The Markit CDX North America Investment Grade Index of credit-default swaps, which investors use to hedge against losses on corporate debt or to speculate on creditworthiness, dropped by 4.1 basis points to a mid-price of 95 basis points at 11:59 a.m. in New York, according to Markit Group Ltd. It touched 94.7, the lowest level since Aug. 1 on an intra-day basis. Contracts tied to the debt of Glencore International Plc (GLEN) and Genworth Financial Inc. (GNW) also fell.
The gauge declined after the Labor Department reported that the unemployment rate decreased to 8.3 percent, the lowest since February 2009. A 243,000 increase in payrolls was the most since April, exceeding all forecasts in a Bloomberg News survey. The report came after Federal Reserve Chairman Ben S. Bernanke said yesterday the economy has shown signs of improvement, boosting optimism in corporate profits and creditworthiness.
“The credit markets are particularly sensitive to changes in the labor market outlook,” said Guy LeBas, chief fixed- income strategist at Janney Montgomery Scott LLC in Philadelphia. “The expectation is that we will see improved economic profitability.”
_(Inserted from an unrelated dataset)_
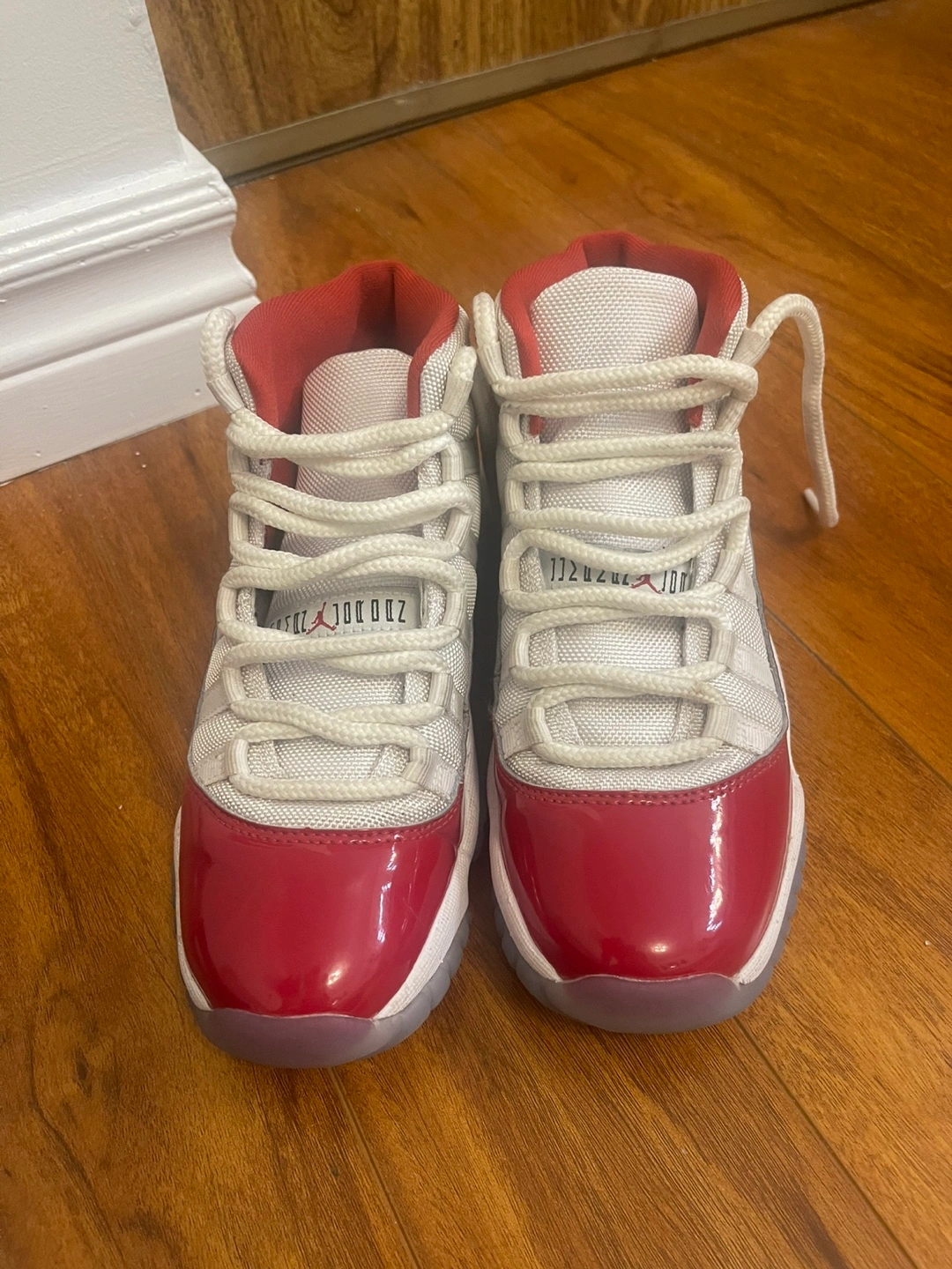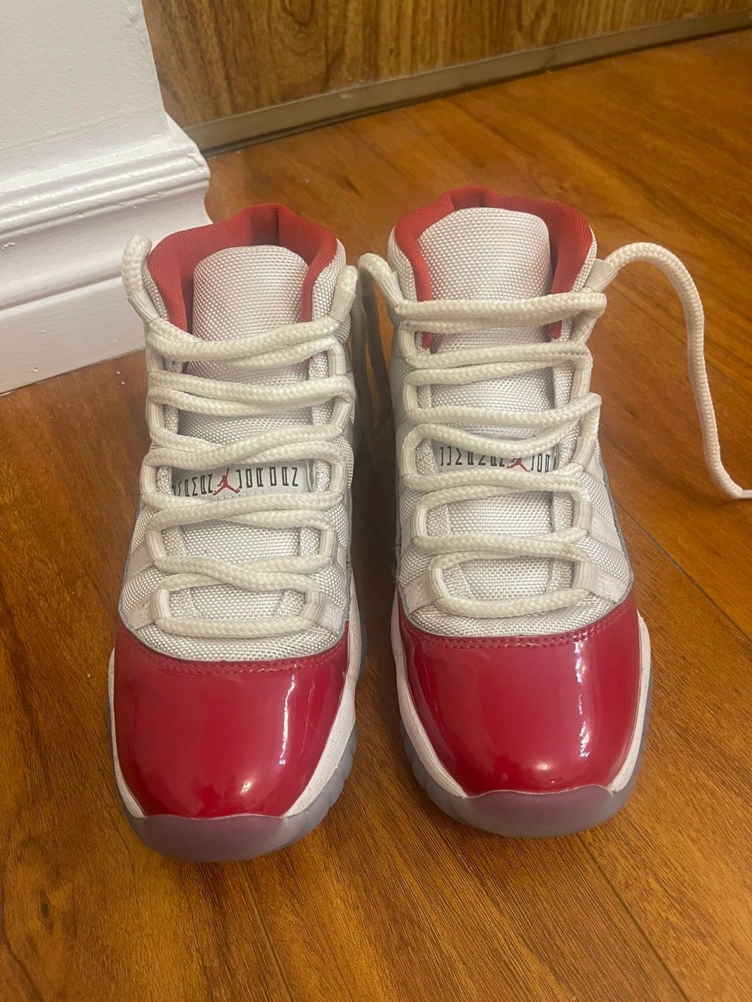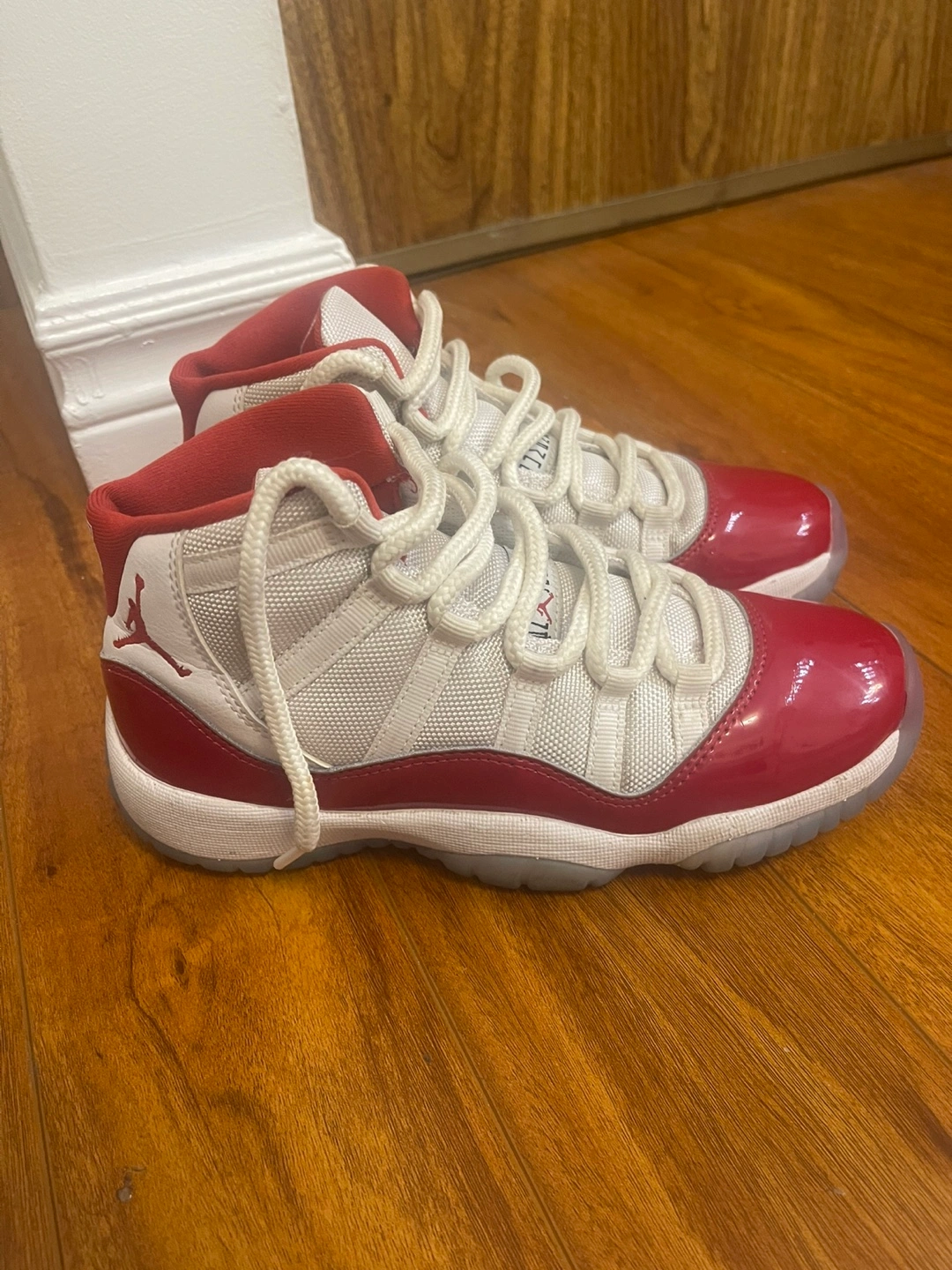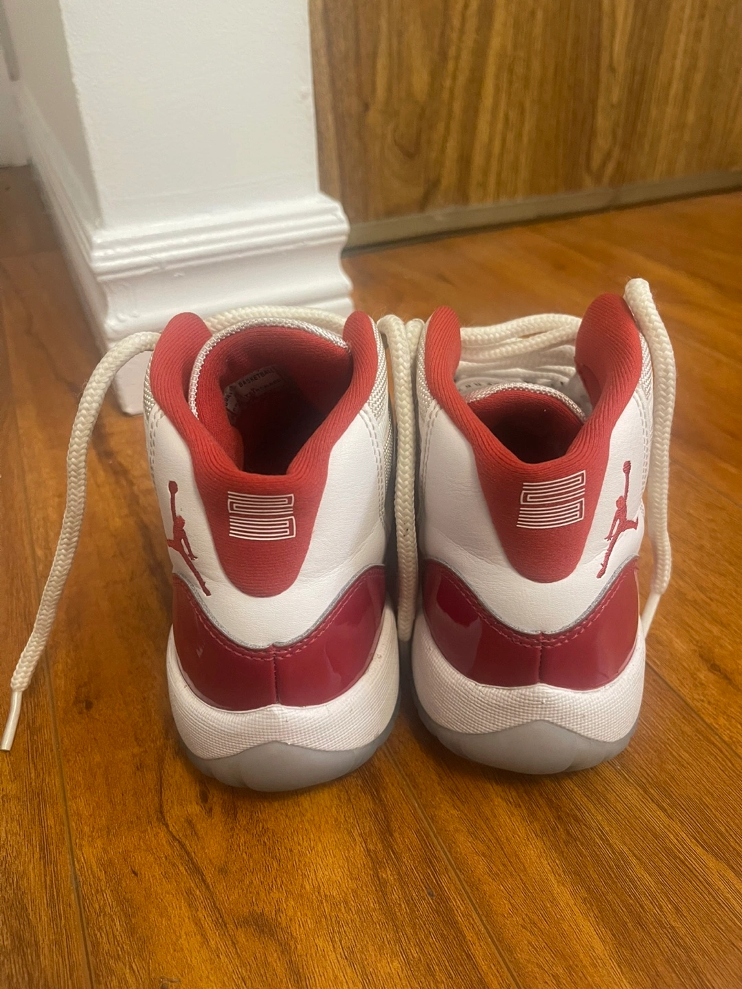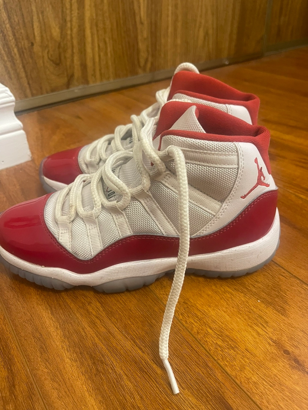 15Girls' Grade School Air Jordan 11 Retro. White and Gym Red colourway. Patent leather accents. Classic design.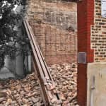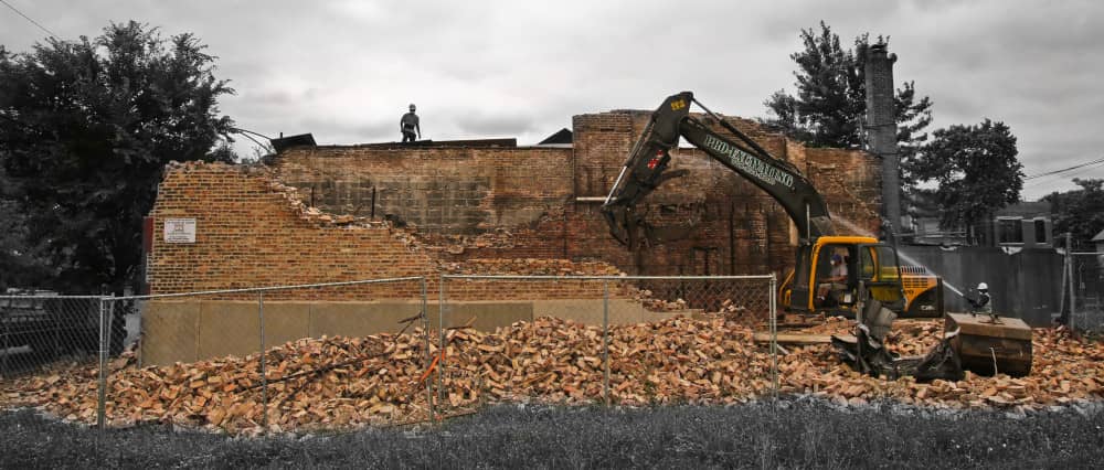 i was pleased to document this structure, which clearly represented a gleaming symbol of resilience, a champion against time, and short-sighted decisions. aside from that quickly fleeting feeling, i focused on what, if anything, to salvage from a structure that had been severely ravaged, to the point of disfigurement. since i remain interested in the integration of cast iron store “fronts” used to open up 19th century commercial structures to the steady flow of onlookers on the streets (no two are alike, despite the ornamental “stock patterns” utilized time and again), i hoped to save the entire “system,” or at the very least, the multitude of rosettes protruding from the horizontal beam.

Service industries in the U.S. expanded at the fastest pace in almost a year, raising optimism that the economic recovery is stronger than previously thought. The Institute for Supply Management’s non-manufacturing index rose more than forecast to 56.8 in January from 53 in December.
Genworth CDS Drop
The swaps index, which was poised for its biggest daily decline since Dec. 20, typically falls as investor confidence improves and rises as it deteriorates.
Swaps tied to Genworth Financial declined 114.3 basis points to 458.1 basis points, while those tied to Glencore International fell 25.4 to 216.7, according to data provider CMA, which is owned by CME Group Inc. and compiles prices quoted by dealers in the privately negotiated market.
Credit swaps pay the buyer face value if a borrower fails to meet its obligations, less the value of the defaulted debt. A basis point equals $1,000 annually on a contract protecting $10 million of debt.